BEGIN MATERIALS PROVIDED

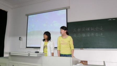 4月24日下午5点,由05基地团支部和05统计团支部联合举办的以“高举团旗跟党走,我与祖国共奋进”的主题团会在教三402举行。
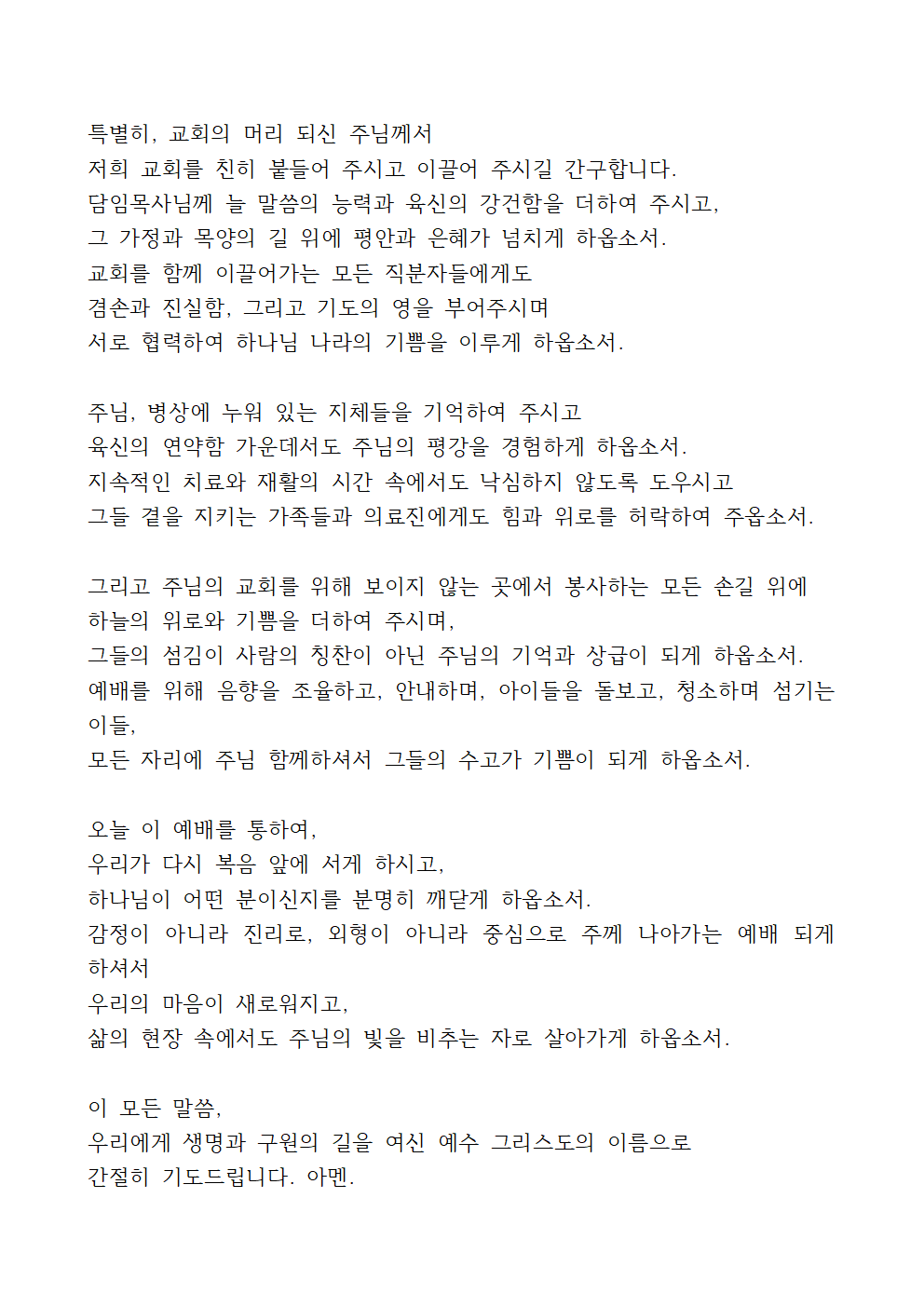 특별히, 교회의 머리 되신 주님께서 저희 교회를 친히 붙들어 주시고 이끌어 주시길 간구합니다. 담임목사님께 늘 말씀의 능력과 육신의 강건함을 더하여 주시고, 그 가정과 목양의 길 위에 평안과 은혜가 넘치게 하옵소서. 교회를 함께 이끌어가는 모든 직분자들에게도 겸손과 진실함, 그리고 기도의 영을 부어주시며 서로 협력하여 하나님 나라의 기쁨을 이루게 하옵소서.
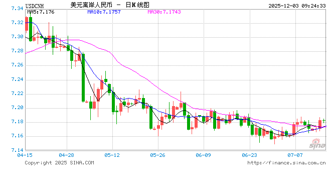 12月3日,人民币兑美元中间价报7.0754,上调40点。升值至2024年10月14日以来最高。
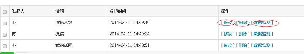 2、在我的话题管理页面,点击“修改”、“删除”按钮,可以对话题进行修改删除操作,点击“数据监测”,进入“我的话题微吧活动”页面,可以查看活动信息。
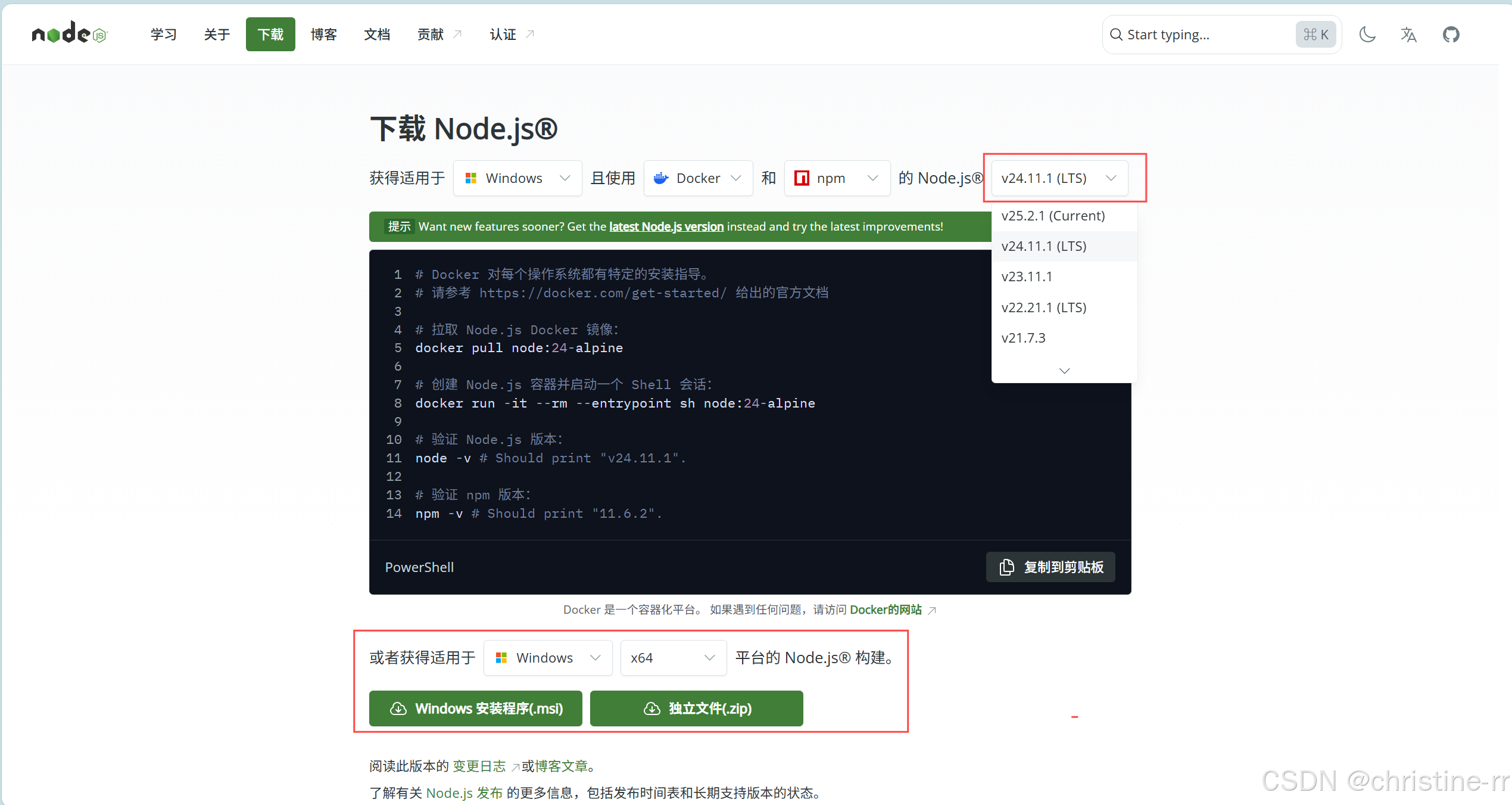 - 推荐下载 LTS 版本 (长期支持版,更稳定,适合生产环境),点击对应系统的安装包(通常是
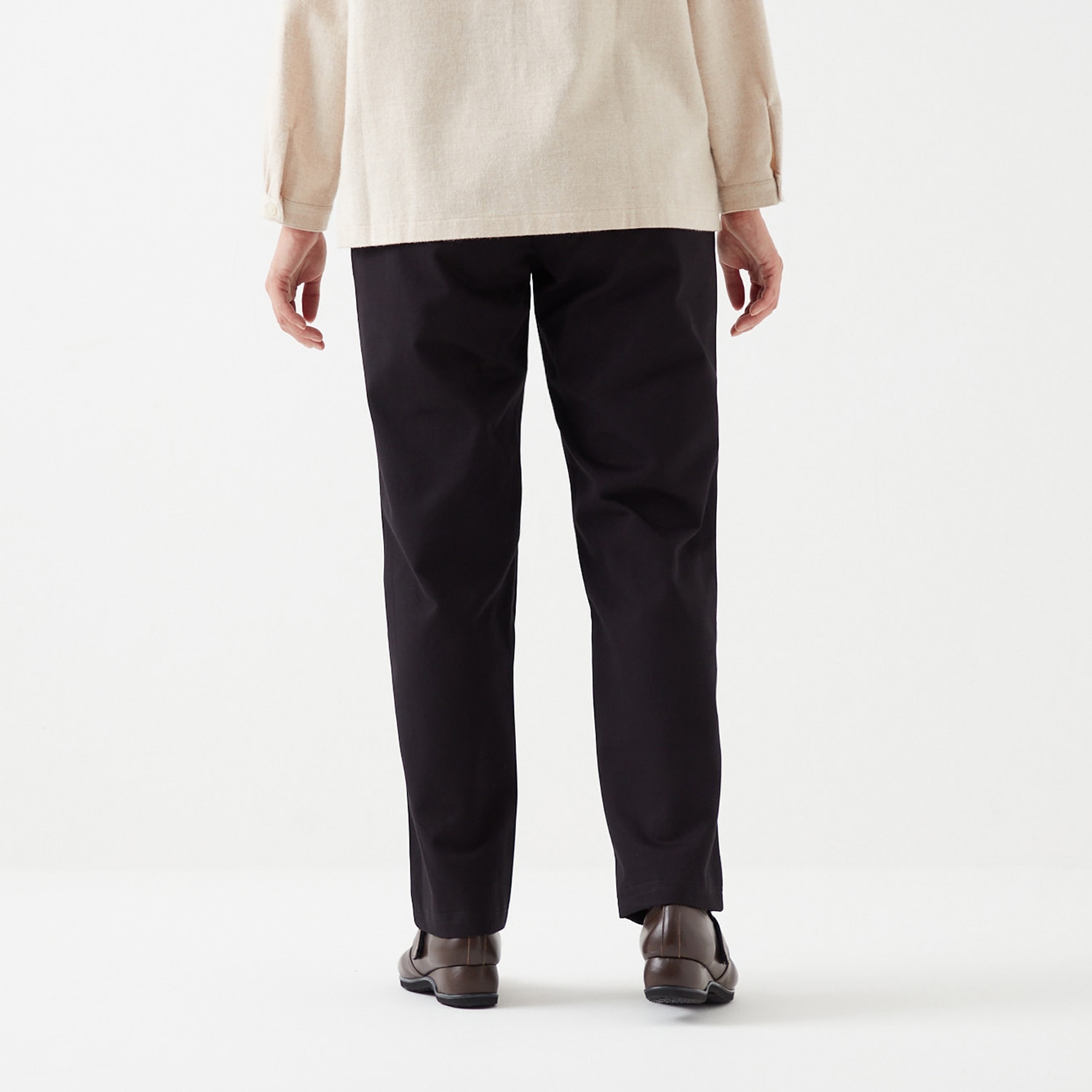 厚手のツイル生地に起毛加工を施した高級感のある質感に仕上げました。暖かな風合いで、はいた瞬間から温もりに包まれます。肉厚の生地が脚のラインをカバーし、体型をきれいに見せるストレートシルエット。ウエストの後ろはゴム仕様ではき心地も楽らく。股下60㎝丈も加わり、3レングスからぴったりのサイズをお選びいただけます。
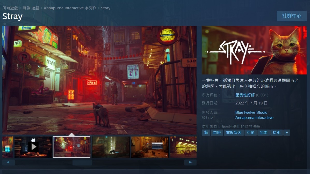 《Stray》是由 BlueTwelve Studio 所打造的動作冒險作品,以貓的視角在 Cyberpunk 風格的都市中漫遊冒險,進行解謎闖關外,也透過小機器人「B-12」互動了解整個都市的種種小故事。近期更於 Steam 平台直接拿下了壓到性好評的成果。

END MATERIALS PROVIDED

Each line of the material is to be output exactly. Images are not part of the expected output.

* [RESULT OF THE EXERCISE]:
 4月24日下午5点,由05基地团支部和05统计团支部联合举办的以“高举团旗跟党走,我与祖国共奋进”的主题团会在教三402举行。
 특별히, 교회의 머리 되신 주님께서 저희 교회를 친히 붙들어 주시고 이끌어 주시길 간구합니다. 담임목사님께 늘 말씀의 능력과 육신의 강건함을 더하여 주시고, 그 가정과 목양의 길 위에 평안과 은혜가 넘치게 하옵소서. 교회를 함께 이끌어가는 모든 직분자들에게도 겸손과 진실함, 그리고 기도의 영을 부어주시며 서로 협력하여 하나님 나라의 기쁨을 이루게 하옵소서.
 12月3日,人民币兑美元中间价报7.0754,上调40点。升值至2024年10月14日以来最高。
 2、在我的话题管理页面,点击“修改”、“删除”按钮,可以对话题进行修改删除操作,点击“数据监测”,进入“我的话题微吧活动”页面,可以查看活动信息。
 - 推荐下载 LTS 版本 (长期支持版,更稳定,适合生产环境),点击对应系统的安装包(通常是
 厚手のツイル生地に起毛加工を施した高級感のある質感に仕上げました。暖かな風合いで、はいた瞬間から温もりに包まれます。肉厚の生地が脚のラインをカバーし、体型をきれいに見せるストレートシルエット。ウエストの後ろはゴム仕様ではき心地も楽らく。股下60㎝丈も加わり、3レングスからぴったりのサイズをお選びいただけます。
 《Stray》是由 BlueTwelve Studio 所打造的動作冒險作品,以貓的視角在 Cyberpunk 風格的都市中漫遊冒險,進行解謎闖關外,也透過小機器人「B-12」互動了解整個都市的種種小故事。近期更於 Steam 平台直接拿下了壓到性好評的成果。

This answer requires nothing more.